- Alcohol
Cookie was an alcoholic who never drank like a normal person. She also never wanted to stop. When she attended her first 12-step meeting, she experienced that same feeling of not belonging that had haunted her for as long as she could remember.
“I felt I was brought here from another planet, and someone was going to come get me,” she recalls. “No one liked me. Everybody hated me.”
Despite those negative feelings, Cookie also had a lot of dreams. She believed there wasn’t anything she couldn’t do, within reason. Raised in a wealthy family as an only child, there was a lot of time for dreaming and introspection. When she began using, her drug of choice was simply “more.”
In looking back at why she began using in the first place, she chalks it up to making choices back then that put her in situations that weren’t good for her. Not that there weren’t other contributing factors or pains that she was trying soothe. Her father drank and her mom had a mental illness problem, often leaving young Cookie to hang out with her building’s doorman.
“For a long time, I was convinced I had this problem because I grew up with an alcoholic father,” Cookie says. “After three husbands and six children, though, I realized I had a problem.”
It was a long and winding path that led her to that realization. She was convinced that having a child would make her life better and that motherhood would keep her from drinking. Then, it was love that she thought would fix all her problems. She met the man of her dreams, and they blended their families and moved to Long Island. There was only one problem: he was a child molester and abusive. Cookie didn’t find out her daughter had been abused until she ran away at age 17, adding to the list of hurts that she felt that she needed to self-medicate with substance abuse.
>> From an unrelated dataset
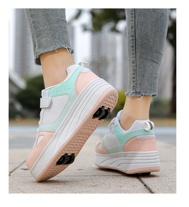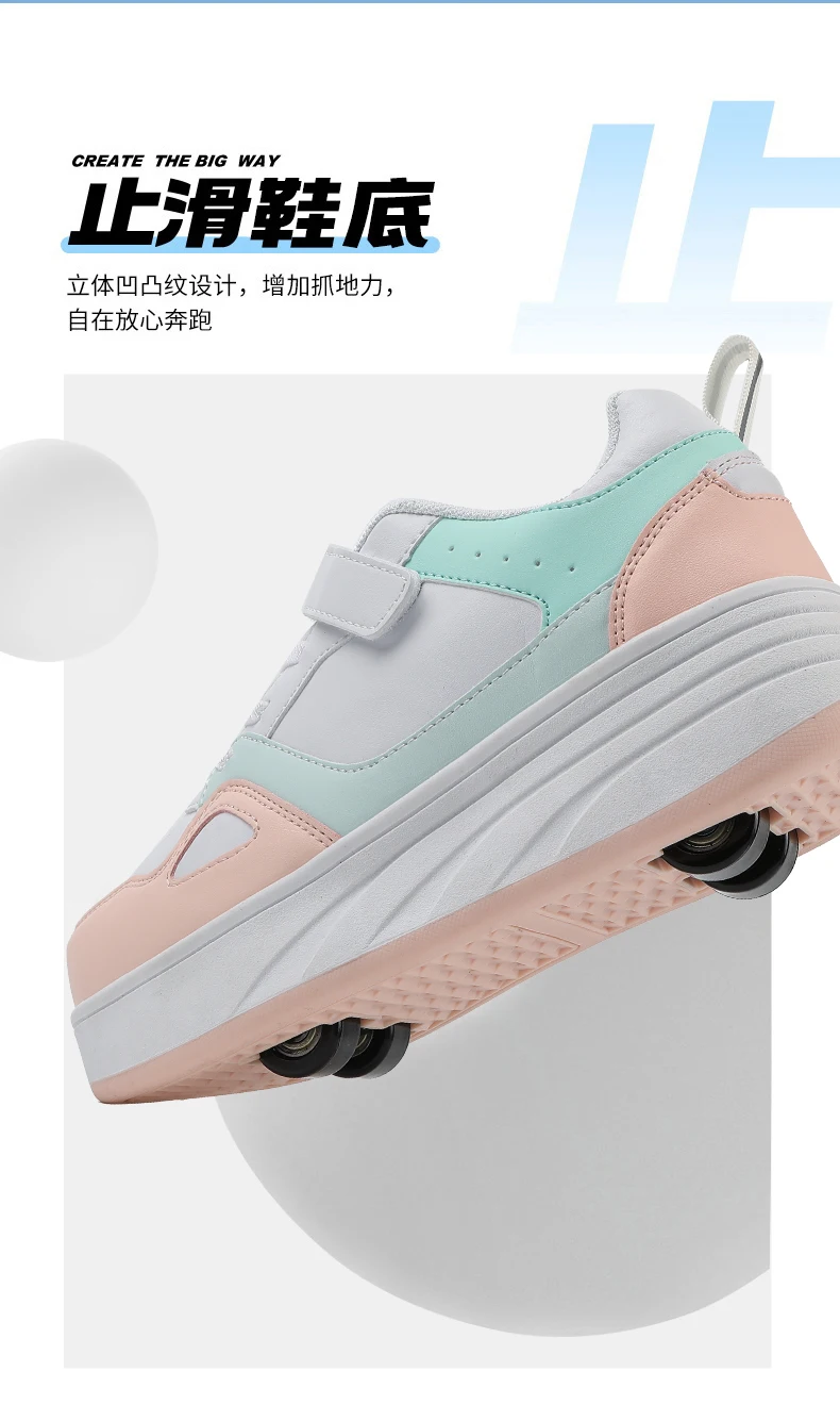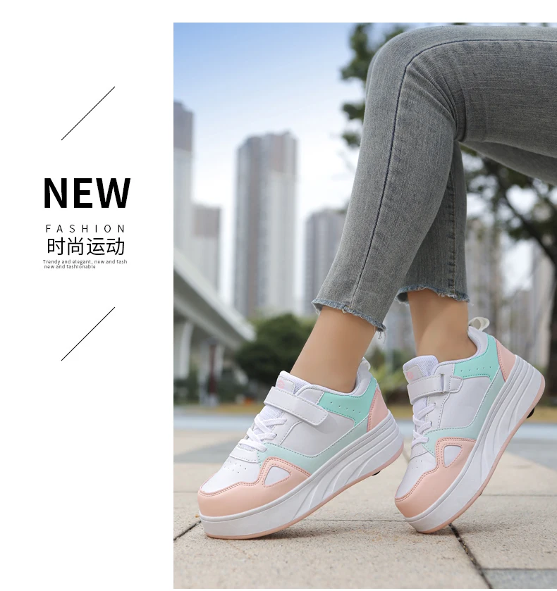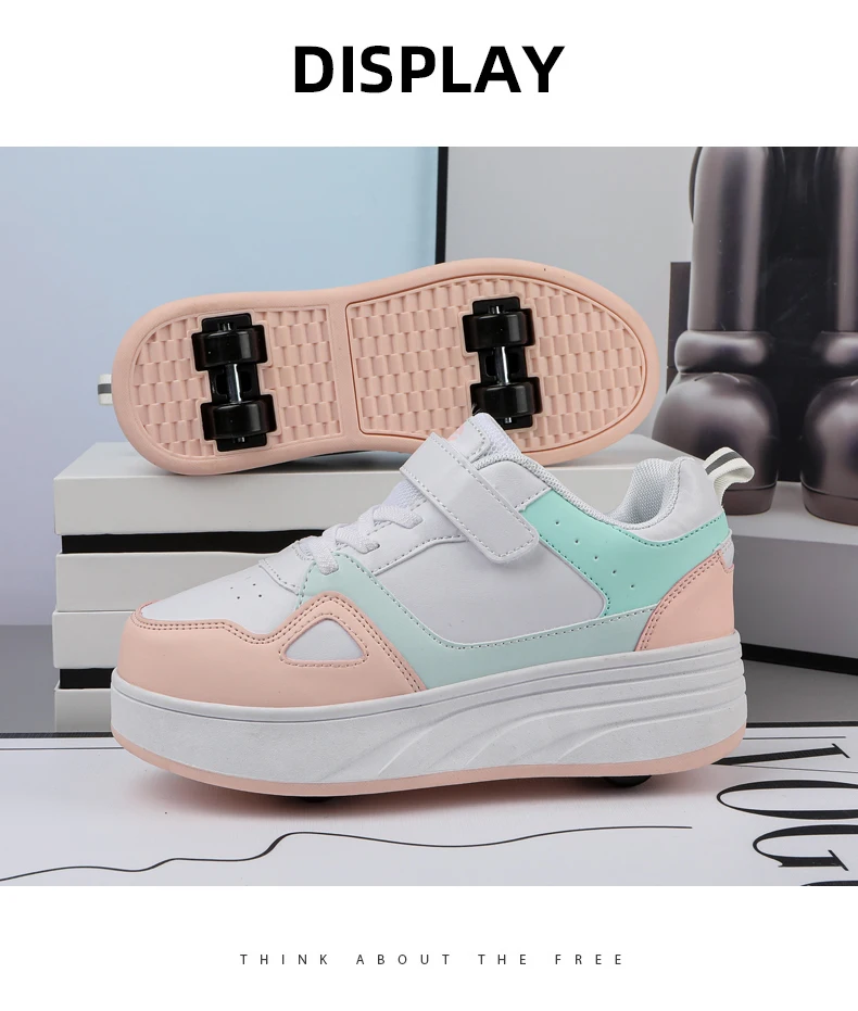 Kids Roller Skate Shoes Running Children Fashion Parkour Boys Girls Detachable 4 Wheels Casual Deformation Outdoor Skating Shoes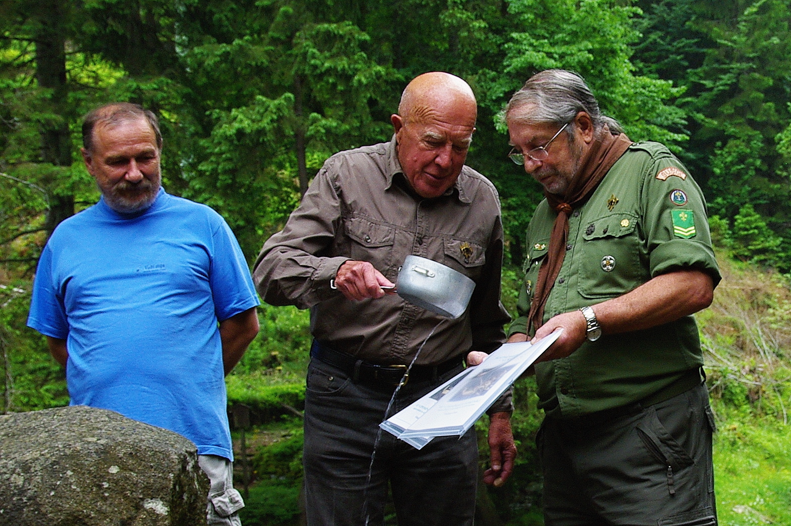 A právě u soutoku obou těchto řek se ve středu 10. června sešlo téměř 50 bývalých i současných skautů a jejich příznivců na slavnostním křtu knihy Vladimíra Černého Skautské století na Sušicku. Za kmotry byli vybráni lidé, které bez nadsázky skauting poznamenal na celý život. Emil Kintzl – skaut a velký šumavský patriot, Jan Vavřička – člen střediska Jestřáb Pačejov a skautský historik, Milan Miškovský – člen legendárního roverského kmene Dakota z Prahy a Zdeněk Prančl – současný náčelník střediska Vydří stopa Sušice.

When her father died, Cookie made sure she had enough booze in her to fly to New York and confront his family. She asked for her birth certificate and finally found out she was adopted. Then she had to contend with her aunts’ anger at her for having the nerve to be upset over this long-hidden revelation.
At 42, Cookie finally realized that the only way to health was to figure out what was stopping her from having her best life. She attended her first 12-step program to deal with her weight but she arrived drunk. She met her sponsor there, eventually entering treatment for codependency. While she was there, they gave her a sign that said “No Trespassing,” and Cookie began to learn how to make different, healthier choices.
Once in recovery, she began working in the field. She found her calling in crisis response, becoming an interventionist. She tells her clients that, when you enter treatment, there’s no promise of what you’ll find on the other side. But for Cookie, she’s found peace. After more than two decades in recovery, she realizes that she is worthy of grace. She also just started a new job and is planning to write a book.
She says, “My life is beyond my wildest dreams today because I can feel the emotions and none of them control my life.”